Supplied data:
------------------------

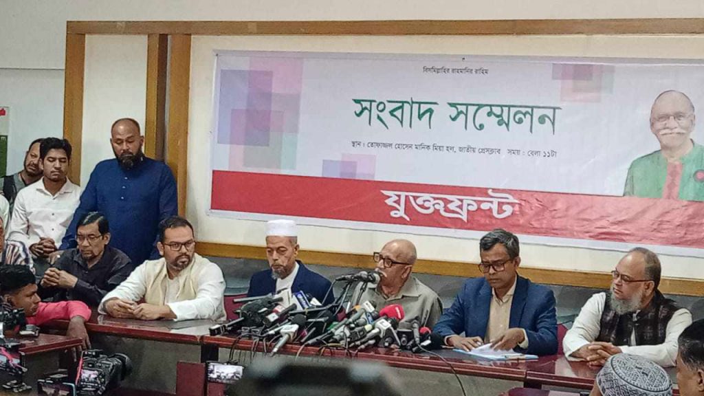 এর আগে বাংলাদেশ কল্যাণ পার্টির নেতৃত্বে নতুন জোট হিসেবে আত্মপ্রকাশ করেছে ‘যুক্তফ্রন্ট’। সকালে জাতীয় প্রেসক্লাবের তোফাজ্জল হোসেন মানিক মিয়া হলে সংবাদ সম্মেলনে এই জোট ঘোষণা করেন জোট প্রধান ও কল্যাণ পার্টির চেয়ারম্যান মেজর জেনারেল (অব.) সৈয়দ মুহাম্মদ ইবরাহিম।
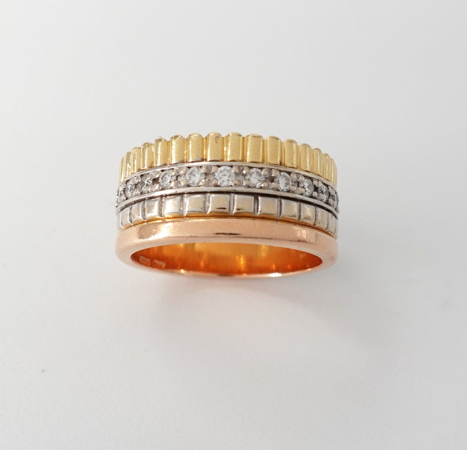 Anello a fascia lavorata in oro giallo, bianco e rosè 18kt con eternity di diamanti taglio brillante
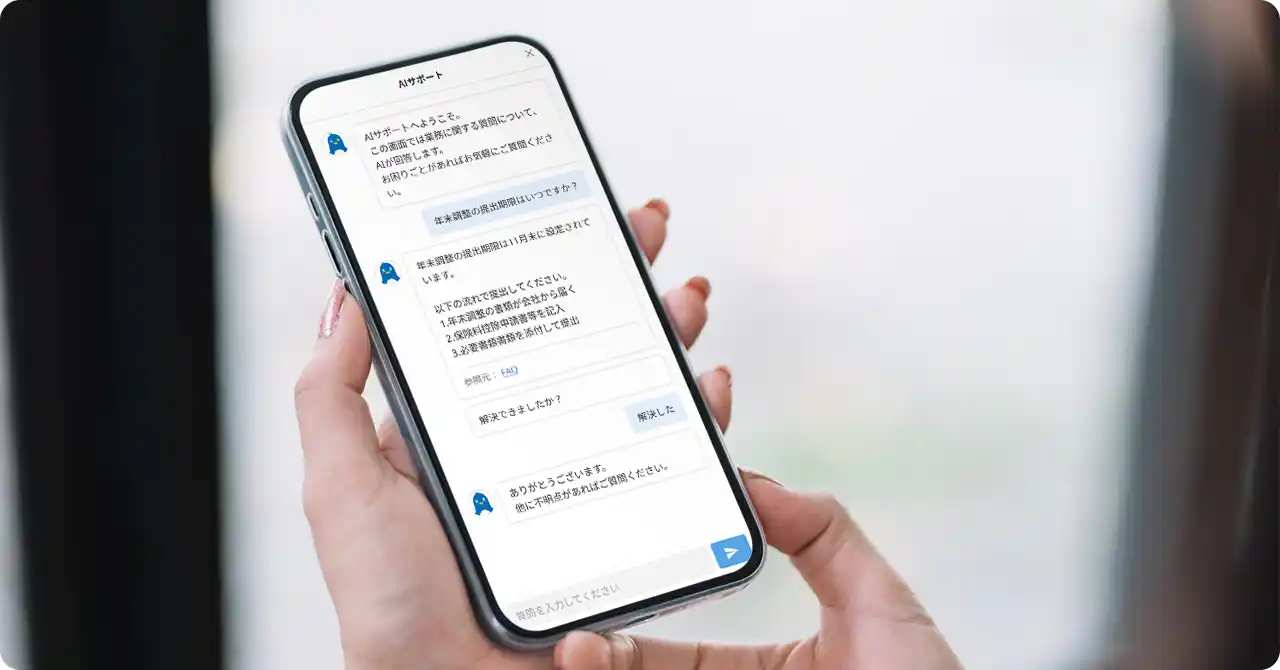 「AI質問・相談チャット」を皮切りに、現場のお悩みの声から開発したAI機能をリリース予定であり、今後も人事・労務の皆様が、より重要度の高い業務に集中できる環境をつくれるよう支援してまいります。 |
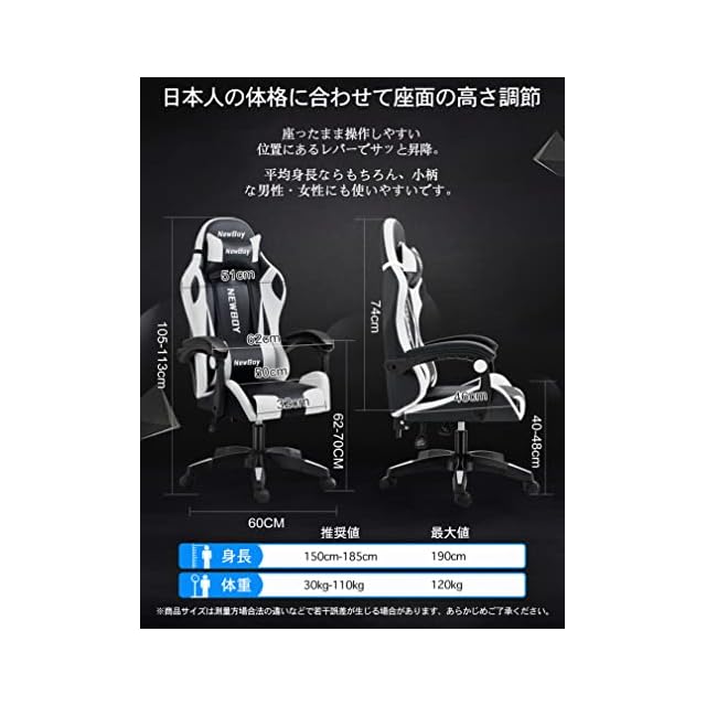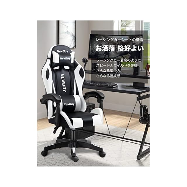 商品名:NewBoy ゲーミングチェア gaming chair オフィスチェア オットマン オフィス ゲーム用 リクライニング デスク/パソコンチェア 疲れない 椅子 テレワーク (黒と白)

------------------------

Required action: Exactly the lines from the one containing "Anello a fascia" through the last line of the data above should be output, both ends included, with every picture left out.

Task output:
 Anello a fascia lavorata in oro giallo, bianco e rosè 18kt con eternity di diamanti taglio brillante
 「AI質問・相談チャット」を皮切りに、現場のお悩みの声から開発したAI機能をリリース予定であり、今後も人事・労務の皆様が、より重要度の高い業務に集中できる環境をつくれるよう支援してまいります。 |
 商品名:NewBoy ゲーミングチェア gaming chair オフィスチェア オットマン オフィス ゲーム用 リクライニング デスク/パソコンチェア 疲れない 椅子 テレワーク (黒と白)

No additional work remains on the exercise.